Liability extends beyond direct perpetrators. Commanders and political leaders may be held accountable for ordering, enabling, or failing to prevent war crimes committed under their authority, and prosecution is not limited to declared conflicts.
Procedures
- Initiation. Cases are initiated by referral from a member state. All other member states are notified immediately on initiation.
- Trial. Proceedings are public, transparent, and bound by standards of fairness and impartiality. Defendants have the right to counsel, the presumption of innocence, and interpretation services. Witness protection and admissibility of evidence are governed by published Court protocols.
- Appeals. Panel decisions are final. Appeals are accepted only on grounds of procedural irregularity or substantial new evidence, and are heard by a freshly convened panel.

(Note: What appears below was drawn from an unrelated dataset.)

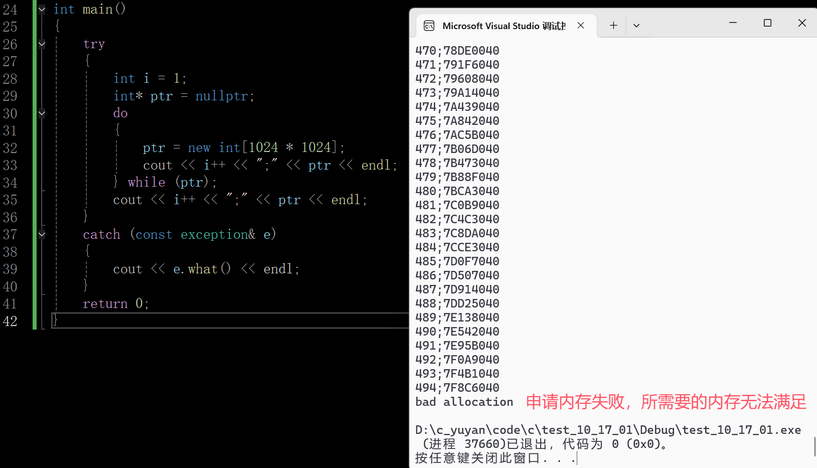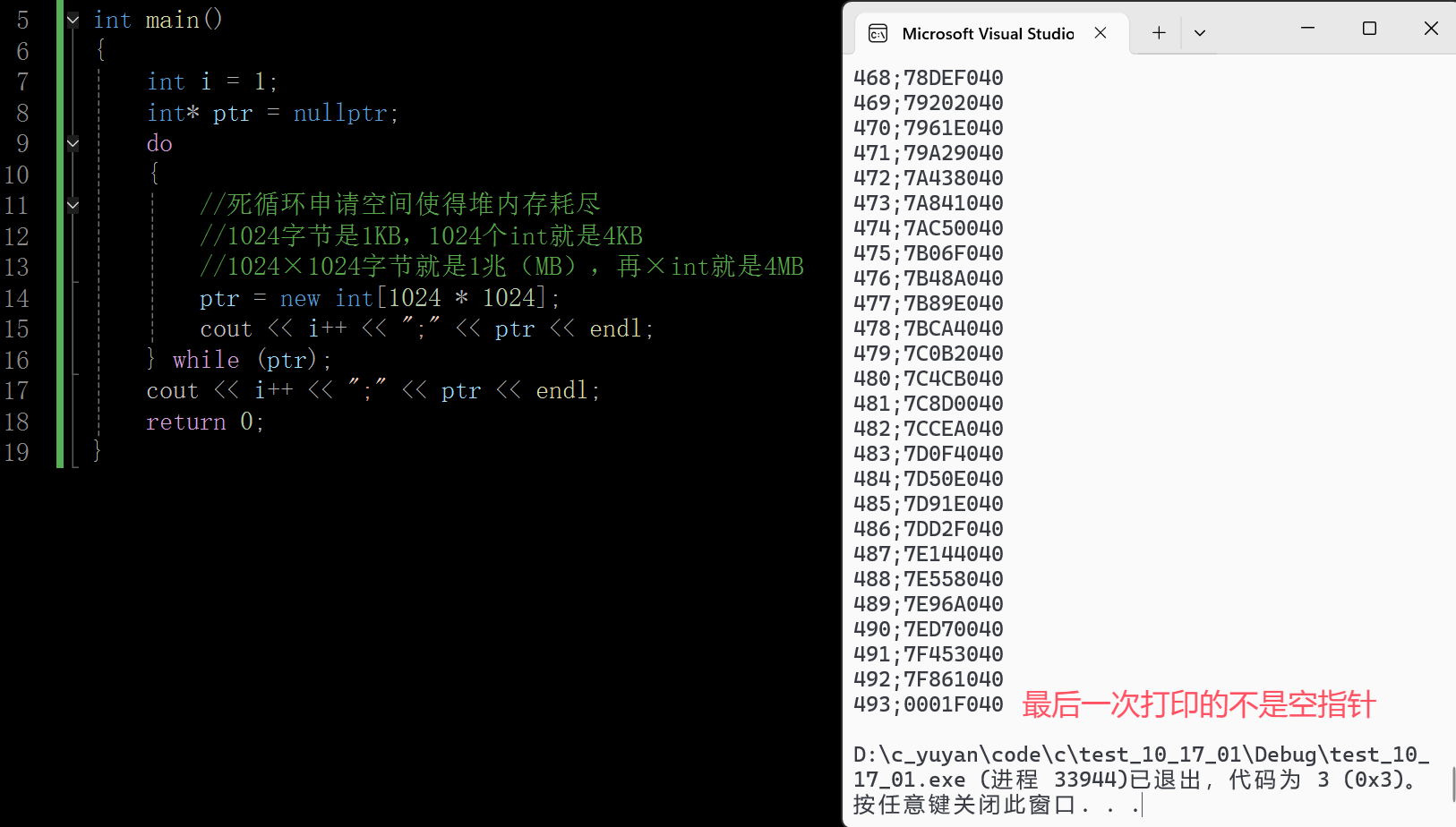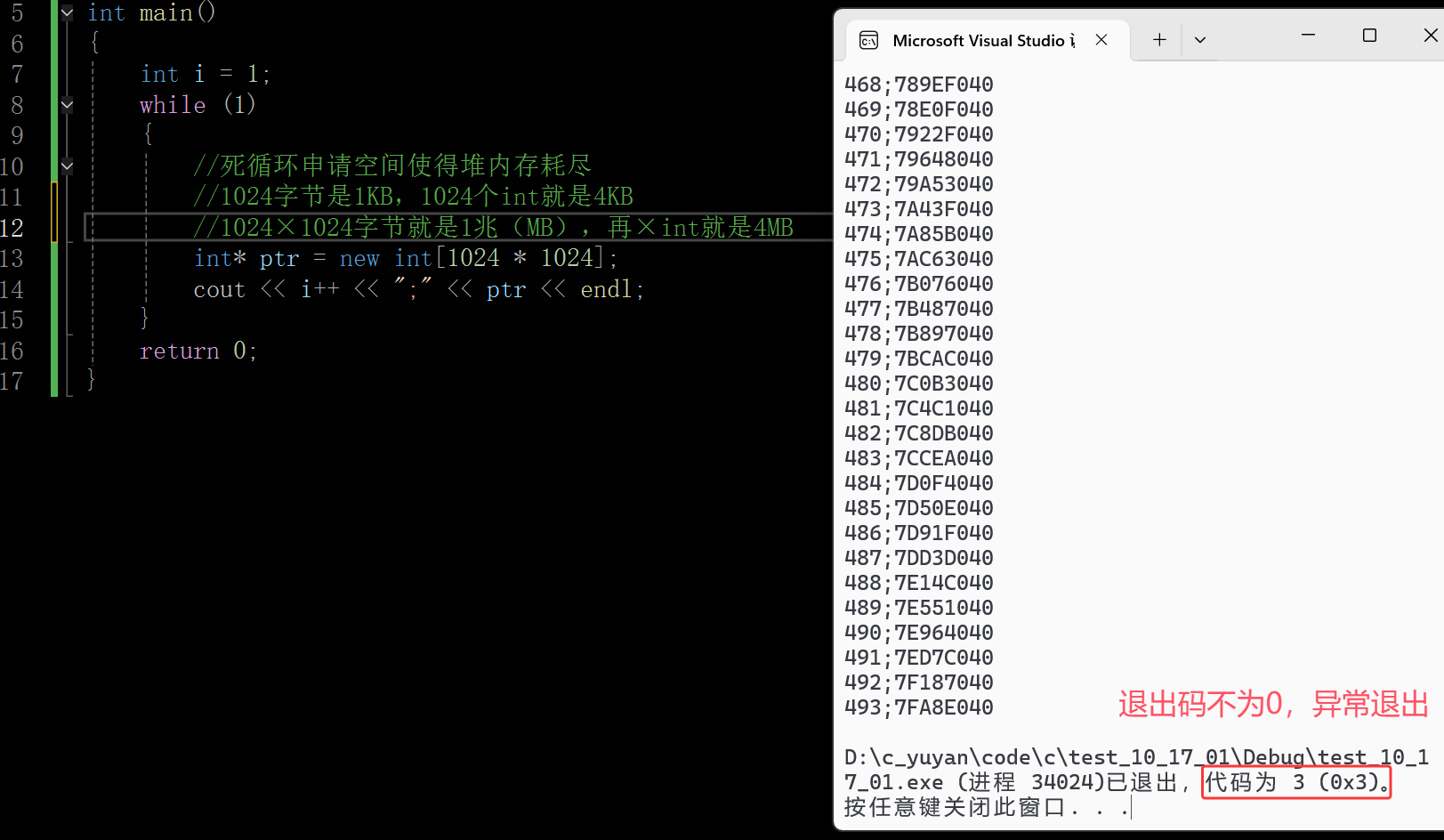 可以看到这里退出码为0,也就是说异常一定是要被捕获的,堆这里能申请到的空间还是蛮大的,上面合计从堆上申请了494×4MB,大概在1.9个G,因为1024MB是1G。这是在X86的运行环境下,整个进程的空间才4G

- Sentencing. Available sentences include imprisonment, exile, fines, restitution, and sanctions.
Enforcement
The Court does not maintain its own enforcement arm. It relies on its member states to execute sentences, extradite indicted individuals, and provide investigative and witness support as required.
Forceful or military enforcement against non-member states is constrained. Such action requires a two-thirds vote of member states under the Charter, and unanimous consent under the standard Membership Agreement signed at accession. The intent of the threshold is to keep the Court from being used as a vehicle for unilateral military action by any single member.
Role in Epochs
- Landfall-530 - Noble Blood: Established by treaty between The Second Lilaris Empire, New Ides, and Mirage Concord during the middle period of the epoch. Operates from Cadence until the collapse of central institutions in The Blaze.
Locations
- Cadence: A purpose-built neutral city-state on land ceded by The Second Lilaris Empire, serving as the Court's headquarters and the only ground recognized by all signatories as outside national sovereignty.